The later generations always live in a completely different world than did their predecessors. I am not merely speaking of a different world of technology – I was raised when there was no television, iPhones, personal computers, jet engine airplanes, Internet, fax machines, microwave ovens, etc. – but a different world of human thought and a radically dissimilar social society.
The role of government and our expectations of its abilities to ease and support our personal and financial lives have taken on the greatest dimension in our body politic. Human nature, the good and the better parts of it have never really changed over the millennia of human existence but everything else in our world certainly has changed. Understanding and appreciating this simple bald fact and dealing with the coming generations accordingly, is key to being a successful grandparent and providing meaningful guidance. No matter what, children and grandchildren may resemble or even imitate their ancestors, but they will never actually be their elders. Our constantly changing world and society simply precludes this from happening.
King Solomon wrote in Kohelet that generations depart and generations arrive yet the world remains standing and eternal. He does not mean that the world remains static and unchanging. There are certain facets of human existence on this earth – physical laws and the vagaries of human nature for example – that are constant throughout human existence. But human society and its civilizations do in fact change.

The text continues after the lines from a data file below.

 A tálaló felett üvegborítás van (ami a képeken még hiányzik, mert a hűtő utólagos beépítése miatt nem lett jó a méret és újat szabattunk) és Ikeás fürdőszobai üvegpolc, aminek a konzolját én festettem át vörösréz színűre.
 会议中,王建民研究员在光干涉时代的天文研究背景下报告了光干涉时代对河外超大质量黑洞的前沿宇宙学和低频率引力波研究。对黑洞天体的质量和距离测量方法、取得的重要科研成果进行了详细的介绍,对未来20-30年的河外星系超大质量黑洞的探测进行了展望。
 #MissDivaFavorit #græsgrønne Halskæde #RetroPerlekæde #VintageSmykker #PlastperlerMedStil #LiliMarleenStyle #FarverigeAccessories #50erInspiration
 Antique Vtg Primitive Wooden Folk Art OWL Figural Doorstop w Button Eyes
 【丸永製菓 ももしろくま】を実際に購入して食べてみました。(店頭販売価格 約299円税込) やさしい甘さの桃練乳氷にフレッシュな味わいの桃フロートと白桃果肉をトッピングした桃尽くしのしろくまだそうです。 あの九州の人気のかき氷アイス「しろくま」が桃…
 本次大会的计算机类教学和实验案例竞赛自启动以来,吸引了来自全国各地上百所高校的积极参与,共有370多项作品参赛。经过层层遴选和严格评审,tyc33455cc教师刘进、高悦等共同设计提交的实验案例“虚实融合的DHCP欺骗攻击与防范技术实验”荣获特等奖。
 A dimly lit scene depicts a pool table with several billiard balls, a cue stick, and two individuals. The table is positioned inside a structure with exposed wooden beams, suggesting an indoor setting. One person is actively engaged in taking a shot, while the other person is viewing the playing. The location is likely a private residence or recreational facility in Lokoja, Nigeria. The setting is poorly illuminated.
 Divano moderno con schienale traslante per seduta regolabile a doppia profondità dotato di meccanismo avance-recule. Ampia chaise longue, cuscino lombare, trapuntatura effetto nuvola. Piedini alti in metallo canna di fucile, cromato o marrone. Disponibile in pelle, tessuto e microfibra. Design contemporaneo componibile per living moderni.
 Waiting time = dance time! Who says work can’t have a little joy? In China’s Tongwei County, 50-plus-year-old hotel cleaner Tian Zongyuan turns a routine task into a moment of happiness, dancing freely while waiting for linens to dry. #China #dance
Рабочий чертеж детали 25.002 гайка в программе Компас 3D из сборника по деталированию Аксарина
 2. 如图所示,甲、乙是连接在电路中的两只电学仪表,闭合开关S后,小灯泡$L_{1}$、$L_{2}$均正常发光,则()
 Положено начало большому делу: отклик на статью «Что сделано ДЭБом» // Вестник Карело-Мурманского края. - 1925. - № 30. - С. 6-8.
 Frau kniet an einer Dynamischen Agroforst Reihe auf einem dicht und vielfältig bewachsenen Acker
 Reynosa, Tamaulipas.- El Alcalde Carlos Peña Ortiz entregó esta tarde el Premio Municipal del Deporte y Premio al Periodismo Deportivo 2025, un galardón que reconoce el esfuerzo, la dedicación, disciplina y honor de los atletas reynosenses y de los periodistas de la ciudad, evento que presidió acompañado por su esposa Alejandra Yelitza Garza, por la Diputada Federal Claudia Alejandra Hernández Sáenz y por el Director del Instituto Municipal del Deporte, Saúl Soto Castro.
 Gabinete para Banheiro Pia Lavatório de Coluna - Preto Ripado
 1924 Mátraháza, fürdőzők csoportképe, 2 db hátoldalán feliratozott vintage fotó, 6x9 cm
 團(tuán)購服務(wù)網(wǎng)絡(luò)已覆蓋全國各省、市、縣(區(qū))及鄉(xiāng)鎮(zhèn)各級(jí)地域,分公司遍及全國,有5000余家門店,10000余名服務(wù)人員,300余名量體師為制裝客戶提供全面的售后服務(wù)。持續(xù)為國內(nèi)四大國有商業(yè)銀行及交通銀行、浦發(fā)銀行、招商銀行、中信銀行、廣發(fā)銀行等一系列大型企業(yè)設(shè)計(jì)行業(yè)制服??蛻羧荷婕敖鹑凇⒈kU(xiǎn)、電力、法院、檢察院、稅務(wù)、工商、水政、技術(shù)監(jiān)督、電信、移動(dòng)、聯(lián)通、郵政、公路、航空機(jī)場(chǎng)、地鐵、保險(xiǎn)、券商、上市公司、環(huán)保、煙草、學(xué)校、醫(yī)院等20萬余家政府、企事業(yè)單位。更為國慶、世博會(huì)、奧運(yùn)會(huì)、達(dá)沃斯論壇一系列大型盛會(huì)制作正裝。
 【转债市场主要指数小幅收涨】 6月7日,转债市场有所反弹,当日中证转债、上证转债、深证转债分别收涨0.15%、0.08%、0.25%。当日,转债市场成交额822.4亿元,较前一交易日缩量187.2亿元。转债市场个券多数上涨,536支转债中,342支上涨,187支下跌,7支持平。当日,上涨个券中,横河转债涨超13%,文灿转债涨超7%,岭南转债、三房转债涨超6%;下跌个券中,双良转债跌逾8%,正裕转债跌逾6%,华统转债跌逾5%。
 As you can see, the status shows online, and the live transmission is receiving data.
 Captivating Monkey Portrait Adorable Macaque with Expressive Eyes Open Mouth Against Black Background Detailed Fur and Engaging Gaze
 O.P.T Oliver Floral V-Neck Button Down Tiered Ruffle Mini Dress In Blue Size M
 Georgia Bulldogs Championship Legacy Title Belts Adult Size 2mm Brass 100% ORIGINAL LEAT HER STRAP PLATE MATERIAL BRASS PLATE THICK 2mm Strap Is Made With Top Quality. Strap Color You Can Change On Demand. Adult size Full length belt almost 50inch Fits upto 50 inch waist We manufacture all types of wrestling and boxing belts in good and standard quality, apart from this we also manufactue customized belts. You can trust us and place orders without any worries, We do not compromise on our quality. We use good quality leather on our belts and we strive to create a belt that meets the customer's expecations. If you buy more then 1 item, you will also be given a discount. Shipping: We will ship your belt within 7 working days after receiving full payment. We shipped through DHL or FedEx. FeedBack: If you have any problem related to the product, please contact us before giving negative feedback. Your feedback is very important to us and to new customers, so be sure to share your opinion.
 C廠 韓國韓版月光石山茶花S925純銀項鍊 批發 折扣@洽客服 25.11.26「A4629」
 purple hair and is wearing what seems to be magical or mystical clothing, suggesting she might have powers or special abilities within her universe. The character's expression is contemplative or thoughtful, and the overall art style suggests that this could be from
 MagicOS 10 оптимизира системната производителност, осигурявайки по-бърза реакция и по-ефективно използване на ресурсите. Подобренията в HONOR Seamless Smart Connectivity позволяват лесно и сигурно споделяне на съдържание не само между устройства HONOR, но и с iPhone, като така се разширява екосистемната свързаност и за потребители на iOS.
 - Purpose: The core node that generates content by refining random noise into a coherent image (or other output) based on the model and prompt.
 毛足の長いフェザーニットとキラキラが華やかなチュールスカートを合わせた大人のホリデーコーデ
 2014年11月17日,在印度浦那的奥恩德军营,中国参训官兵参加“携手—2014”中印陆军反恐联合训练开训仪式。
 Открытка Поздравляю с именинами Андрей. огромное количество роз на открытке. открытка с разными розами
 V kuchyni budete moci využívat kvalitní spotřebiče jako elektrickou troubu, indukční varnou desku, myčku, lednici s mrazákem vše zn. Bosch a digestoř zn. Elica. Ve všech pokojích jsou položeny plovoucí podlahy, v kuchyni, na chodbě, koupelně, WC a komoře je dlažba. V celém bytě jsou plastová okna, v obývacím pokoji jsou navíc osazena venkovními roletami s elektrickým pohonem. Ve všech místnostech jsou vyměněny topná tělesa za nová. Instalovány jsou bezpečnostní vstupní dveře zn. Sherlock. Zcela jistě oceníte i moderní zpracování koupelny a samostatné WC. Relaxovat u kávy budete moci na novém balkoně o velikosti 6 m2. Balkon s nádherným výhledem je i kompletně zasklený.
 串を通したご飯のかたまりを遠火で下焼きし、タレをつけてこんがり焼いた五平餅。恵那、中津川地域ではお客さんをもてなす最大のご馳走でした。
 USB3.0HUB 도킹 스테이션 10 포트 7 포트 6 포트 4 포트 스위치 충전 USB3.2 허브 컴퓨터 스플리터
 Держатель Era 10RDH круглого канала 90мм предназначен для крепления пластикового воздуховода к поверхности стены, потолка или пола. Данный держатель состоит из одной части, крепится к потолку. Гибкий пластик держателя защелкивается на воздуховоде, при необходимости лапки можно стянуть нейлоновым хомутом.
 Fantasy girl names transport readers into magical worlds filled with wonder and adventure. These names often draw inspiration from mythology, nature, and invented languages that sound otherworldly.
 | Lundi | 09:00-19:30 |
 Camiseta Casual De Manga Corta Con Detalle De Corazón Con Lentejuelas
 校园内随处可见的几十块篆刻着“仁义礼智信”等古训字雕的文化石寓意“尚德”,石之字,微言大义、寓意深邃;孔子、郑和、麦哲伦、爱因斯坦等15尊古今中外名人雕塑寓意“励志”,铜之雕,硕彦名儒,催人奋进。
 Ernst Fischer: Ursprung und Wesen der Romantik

There is a concept in traditional Jewish thought that since the time of the revelation at Sinai there has been a steady decline in the potential for Torah greatness and spiritual holiness. Thus every generation is judged by its own unique spiritual and Torah potential. My grandson’s generations and its achievements are therefore to be judged differently than those of the generation of my grandfather. They already surpass me in technological matters and on the operation of all of the gadgets, necessary or otherwise, of the current generation. But I would hope that their aspirations for spiritual and Torah greatness would equal that of previous generations. But because of the vastly different worlds that generations inhabit, comparative results and achievements of differing generations are really not comparable. Nevertheless, I wish them all of the blessings that only the old can bestow upon the young, that they too are privileged to see, know and love many generations in their families.